Speaker
Daiki Sekihata
(Hiroshima University (JP))
Description
A state of deconfined quarks and gluons, called quark-gluon plasma (QGP), is created in high-energy heavy-ion collisions.
The ALICE experiment is mainly devoted to the study of heavy-ion collisions produced at the LHC to investigate such the new state of matter.
Neutral mesons such as $\pi^{0}$ and $\eta$ that decay into two photons are suitable to study parton energy loss in the QGP, since they can be identified, using a fine-segmented electromagnetic calorimeter, in a wide transverse momentum range.
The Photon Spectrometer (PHOS) in the ALICE is an electromagnetic calorimeter, located at 4.6 m from the interaction point, consisted of 10,752 segments with a $2.2 \times 2.2\times 18 \ {\rm cm}^{3}$ $\rm PbWO_{4}$ crystal read out by an APD.
This fine granularity allows us to distinguish two photons decayed in a small opening angle from a parent particle at a high transverse momentum.

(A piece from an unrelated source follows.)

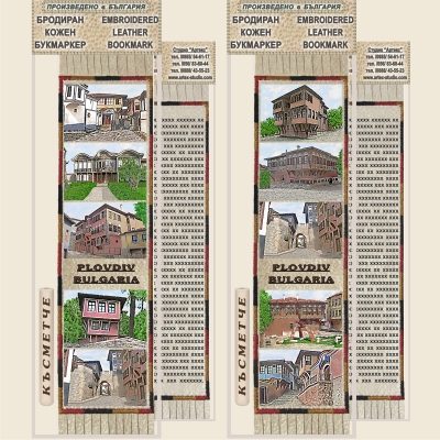Изделия от изкуствена кожа /Книгоразделители, Подложки, Българийки и др./ с битова бродерия и забележителности. Визуализации за Пловдив поискайте на мейл: artex@abv.bg

I am analyzing the Pb-Pb data at $\sqrt{s_{\rm NN}}$ = 2.76 TeV recorded in 2011 with an integrated luminosity 100 ${\rm \mu b^{-1}}$ and detected with centrality triggers.
Clear $\pi^{0}$ peak was extracted in a wide $p_{\rm T}$ range and each centrality class via di-photon channel with the PHOS detector in ALICE.
I will report the current status of my analysis, namely event selections, acceptances, efficiencies and invariant mass spectra with two photons up to 40 ${\rm GeV}/c$.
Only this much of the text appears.